# Got me one!



## Guest (Nov 7, 2004)

Got me a buck 
I saw him yesterday morn while I was hunting but he offered no shot. Went back out yesterday evening and did some rattling and calling and he came in about the time I was about to get out of my stand. I took the shot at about 15 yards. Went in a little high and to the right but came out right through his heart and lung. He only went about 40 yard and then he piled up. I could hear him fall from my stand. What a great experience. Hes my biggest buck yet.

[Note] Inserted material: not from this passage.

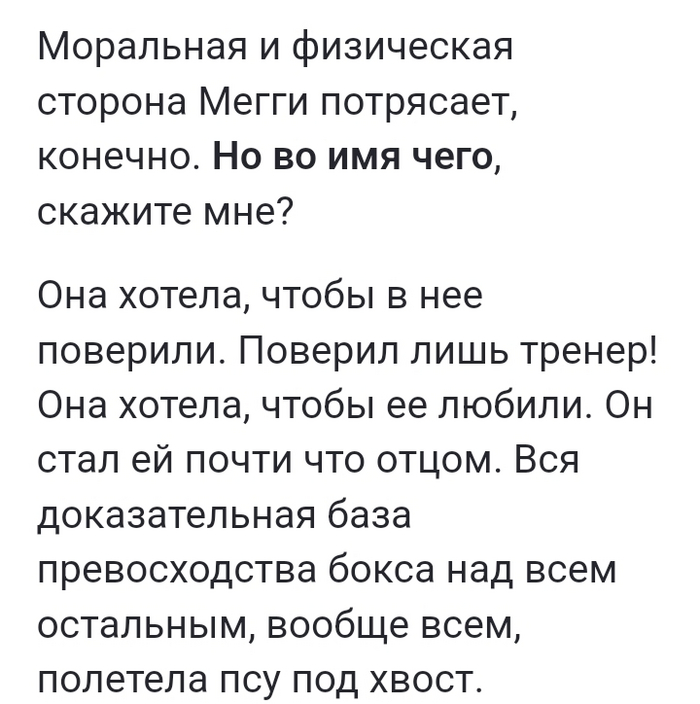 Так она всеми силами пыталась вырваться из нищеты и от отчаяния пошла в бокс, хоть это и травмоопасно. Саму суть автор не уловил, посмотрите момент, как она собирает остатки еды со стола, не доеденные посетителями в кафе и врет, что берет их собаке, а сама сидит полуголодная, считает каждый цент в банке с чаевыми. Поколению слащавых изнеженных манкюрами, доставкой еды, качающие жопы и сиськи вместо мозгов, ну как вы сможете что то понимать.

Hes not a monster but patencie pays off fore I passed on a few smaller bucks before I got him. I say the score would be 140-150 but the score really dont matter because hes mine I am very happy with him. I will post a picture probably either this evening or tommorow once I get them developed. Thanks everyone for their help.   

Man them bucks are chasing does!


----------



## flathunter (Apr 5, 2004)

Congrats, I am very happy for you!


----------



## Lundy (Apr 5, 2004)

Congratulations!

Great job.

Kim


----------



## ARGEE (Apr 5, 2004)

Whow Its Exciting Isnt It..cant Wait For The Pics..cant Wait To Get Up That Tree Again...


----------



## Richs63Corvair (Apr 6, 2004)

Way to go traphunter................Rich


----------



## truck (Apr 12, 2004)

congrtas on your Buck!!!!


----------



## bkr43050 (Apr 5, 2004)

Nice job Traphunter! I know you have put in a lot of hard work scouting and I am sure it seems rewarding at this point.


----------



## Fastlane (Apr 11, 2004)

Wat to go Seth. Did you get him on your farm?


----------



## Guest (Nov 8, 2004)

http://www.ohiosportsman.com/photopost/showphoto.php?photo=965

Try this link and tell me if it dont work

Thanks for the comments guys, yes it was hard work and ALOT of patenice. I didnt get it at our place Tom, but I got it over by New Market. What was even neater was the fact that I rattled him up. It was a great experience and I can hardly wait for next year to try to outsmart another old buck. 

Heres another one
http://www.ohiosportsman.com/photopost/showphoto.php?photo=968


----------



## Papascott (Apr 22, 2004)

Nice buck!!!! I would be shaking so bad I would of either fallen out of my stand or dropped my bow as my jaw dropping would of nocked it loose.

Scott


----------



## Stampede (Apr 11, 2004)

Nice buck,way to go.


----------



## flathunter (Apr 5, 2004)

Super deer, Trap!


----------